The Wedding is an unsuccessful attempt at social comedy in Delhi, despite a riff on the darker side of attraction. It totters under the weight of its own ambition, and also sees Jha recycling the prose in praise of the olfactory nerves that first brought her attention. Story after story attempts to scale the heights and breaks down into incoherence at best, portentousness at worst.
Perhaps the most frustrating example is The Cook, about a great chef’s fears of betrayal by his family while his own genius wanes. Jha’s talent for sensual prose about food descends into Kitchen Porn here.
Beauty could have been a great minor work, as it brings two schoolgirls, one assured, one under-confident, into contact with a photographer who bitterly resents the beauty he feeds off. But even here, Jha’s subtle handling of one character is at odds with her heavy-handed portrayal of the other two.

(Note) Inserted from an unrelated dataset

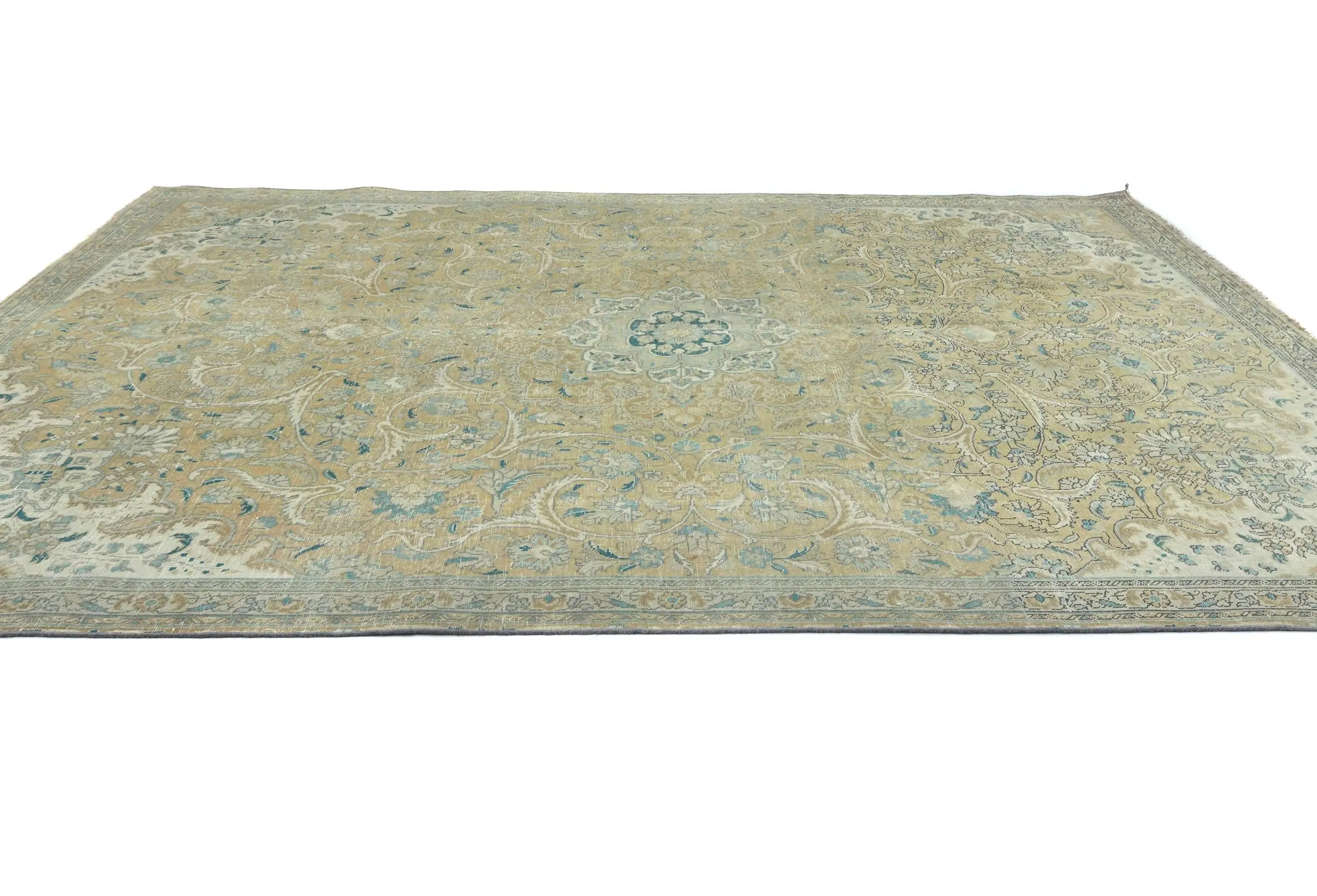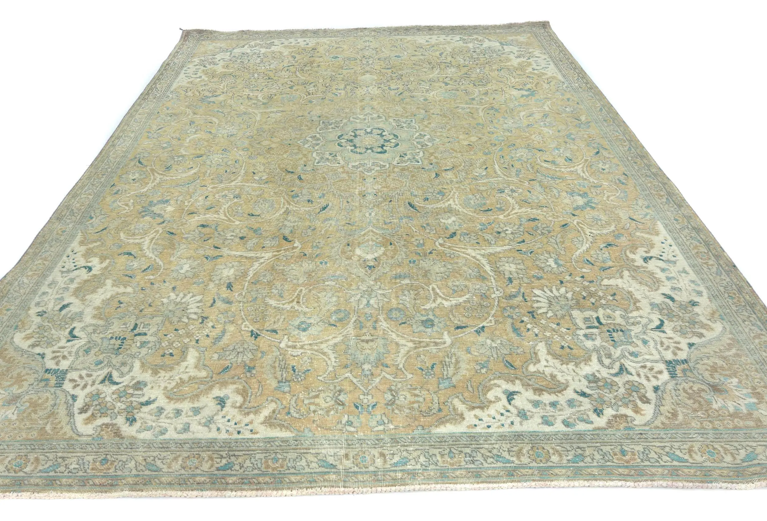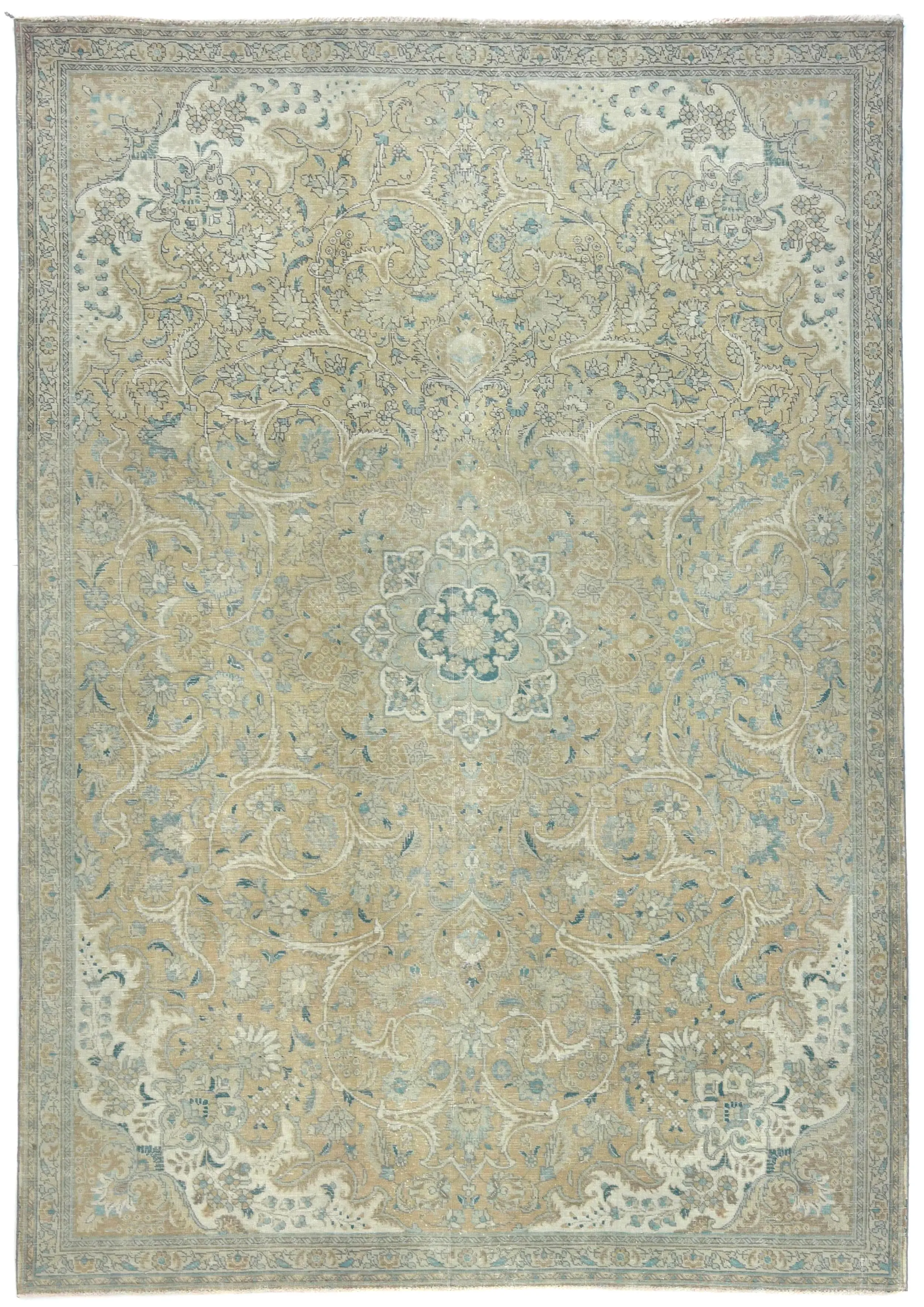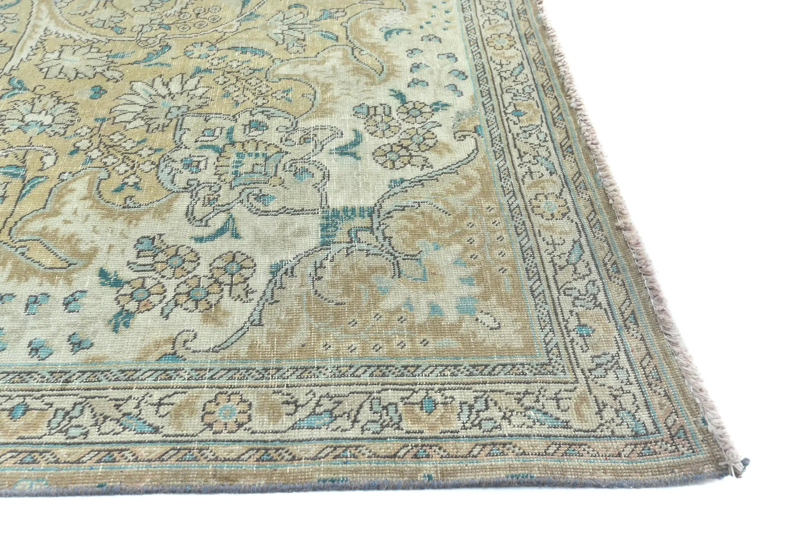 Semi Antique Muted Khaki Floral 7X10 Distressed Vintage Oriental Rug

The Elephant and the Maruti, one of the many tales in which the author attempts to do for Delhi what Mistry and Co have done for Bombay, has possibilities. An elephant steps on a Maruti in heavy traffic; a woman made late for work refuses to pay a parking attendant, and inadvertently propels him into disaster. Jha’s touch is surer here than elsewhere. Many years ago, I said I’d eat my hat if Radhika Jha didn’t do better with her strange, beguiling talent than another writer of the same surname. There is, before me, a plate, a fork, a knife, and a Homburg. Wish me bon appetit.